Женька принесла два комплекта постельного белья. Ведунья забрала свёрток из дрожащих Женькиных рук и ушла с ним в другую комнату, притворив за собой дверь. Женьку не позвала. Ждать пришлось долго. Женька извелась, размышляя, правильно ли она поступила и что будет с матерью. Об Ольке она не думала. После сама удивлялась, как же это: за мать беспокоилась (а она жива-здорова!), а об Ольке и не вспомнила! Все думы о матери были, словно рядом она сидела, словно упрекала её: «Что ж ты, Женька, делаешь? Али креста на тебе нет? Али тебе мать родную не жалко?
Креста на Женьке и вправду не было: собравшись к чёрному магу, она сняла с себя крестик и, поцеловав, положила в шкатулку, где у неё хранились «драгоценности» – пара колечек да брошь, Олька подрастёт, носить будет.
– Мама, я ж ничего такого не делаю, я совета просить пришла, врачи-то Ольку не лечат, отказались врачи-то! Думала, может, она травку какую даст, заговоренную, – мысленно каялась Женька. – А с тобой ничего не будет, не умрёшь. Мама, ты прости меня… Олька моя помирает!
– Не бойся, не умрёт, – словно подслушав её мысли, сказала колдунья (и когда войти успела? Женька не заметила).
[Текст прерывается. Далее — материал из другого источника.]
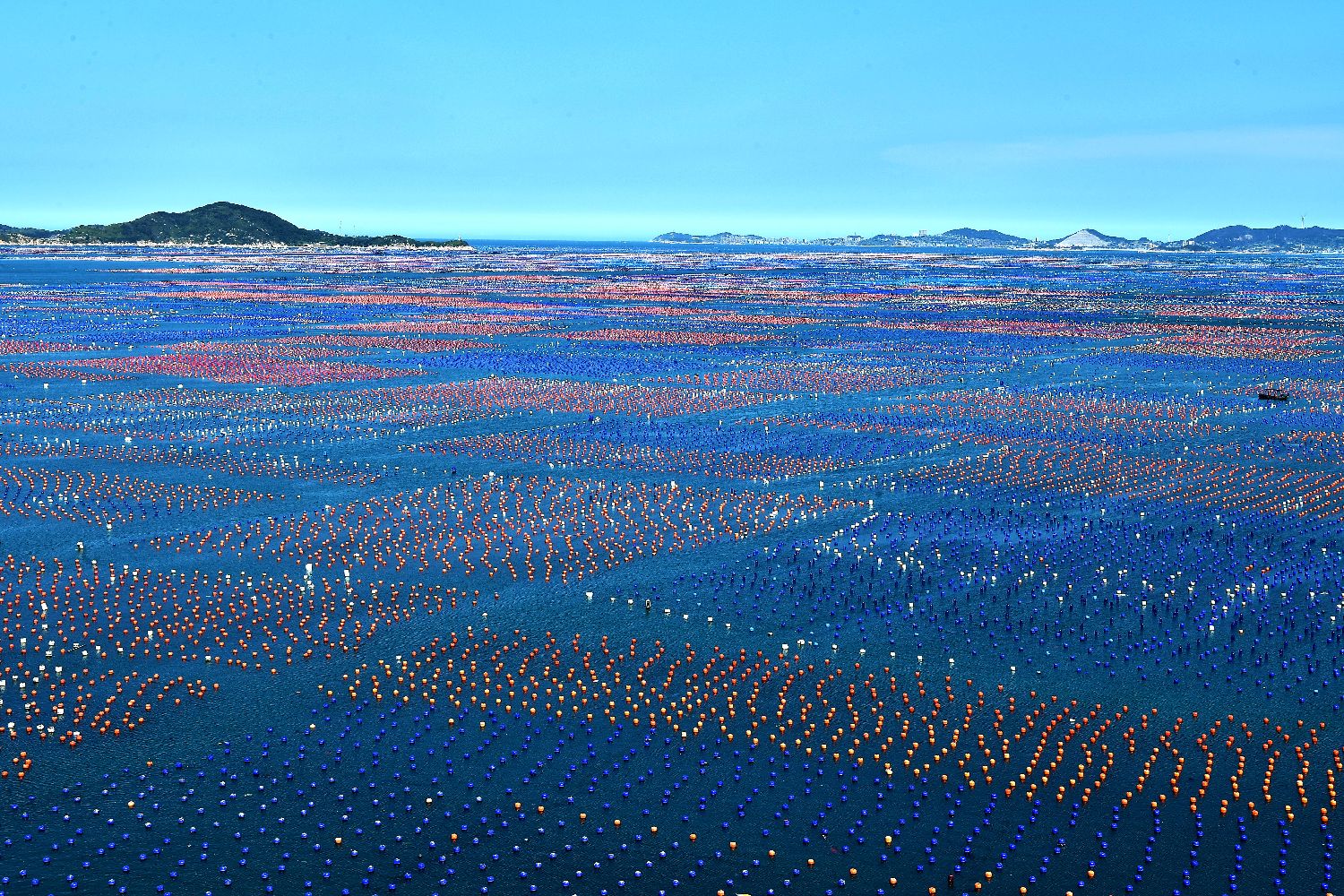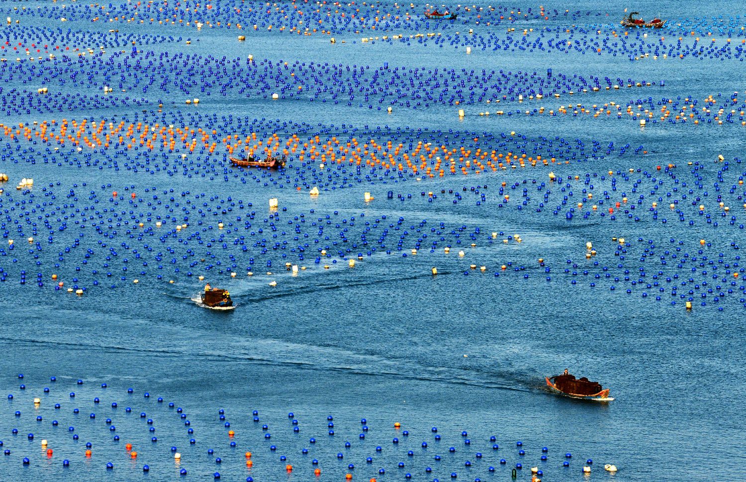 7月11日,在连江县松芦湾海域的800多公顷鲍鱼养殖基地,一笼笼养殖的鲍鱼纵横交错。(图片来源:中新社)
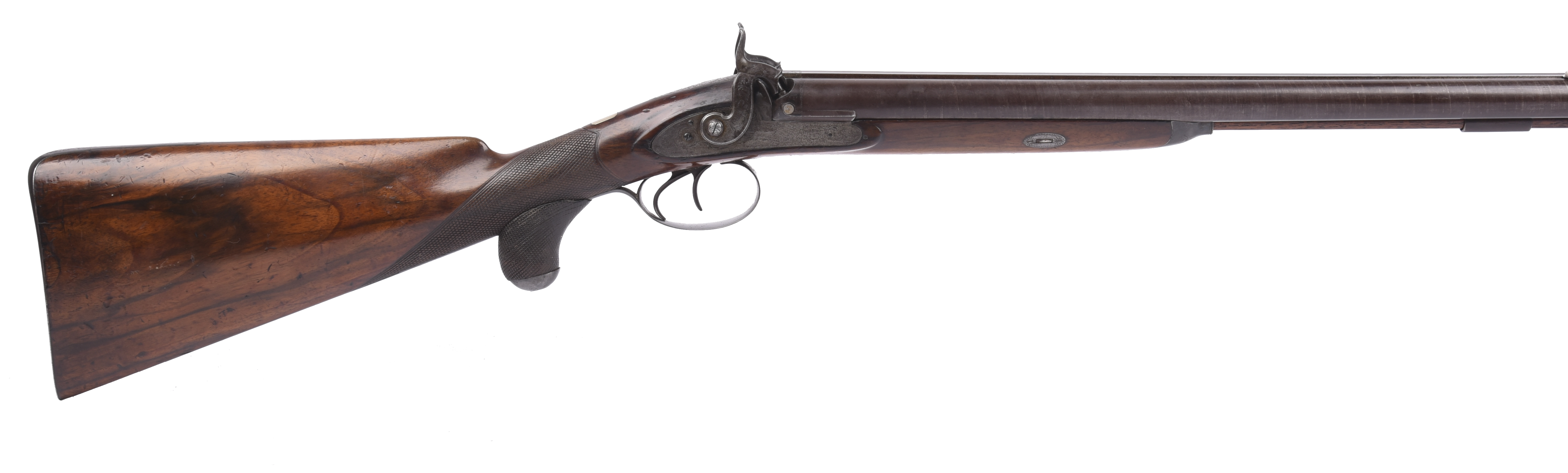 An English 12 bore percussion double gun, twist barrels 29.75 in., hollow top rib inscribed 'JOHN WIGGAN MAKER TO THE ROYAL FAMILY & THE PACHA OF EGYPT' [sic], engraved hook breech with platinum vent plugs, numbered 2265; well engraved locks with scrolls and each with a scene of a dog and a pheasant, each inscribed 'JOHN WIGGAN'; half stocked in walnut, the chequered grip fitted with a pistol extension, engraved steel furniture, brass tipped wooden ram rod; in a scarce type of slide-out fitted case with accessories comprising powder flask, shot flask, cap tin and glass oil bottle.

Гулко стучало сердце, колотилось-умоляло: «Ты ведь – об Ольке это сказала? Не о матери?» И снова колдунья её услышала:
– С дочкой всё хорошо будет. И мать твоя от того белья не умрёт, не отравлено. Силу только потеряет. А там – как бог даст… Да бери! Бери и уходи, – и сунула ей в руки свёрток…
Руки у Женьки подрагивали, зубы постукивали, и знобило так, что еле до дому добралась. И без сил рухнула на диван. «Уж не заболела ли? – встревожилась Женька. – Мне болеть нельзя, кто ж тогда Ольку в больнице обиходит?» Накапала из пузырька валерьянки, подумала, выплеснула в раковину и налила в стакан водки – всклянь. Махом осушила стакан и легла спать. А утром проснулась здоровой.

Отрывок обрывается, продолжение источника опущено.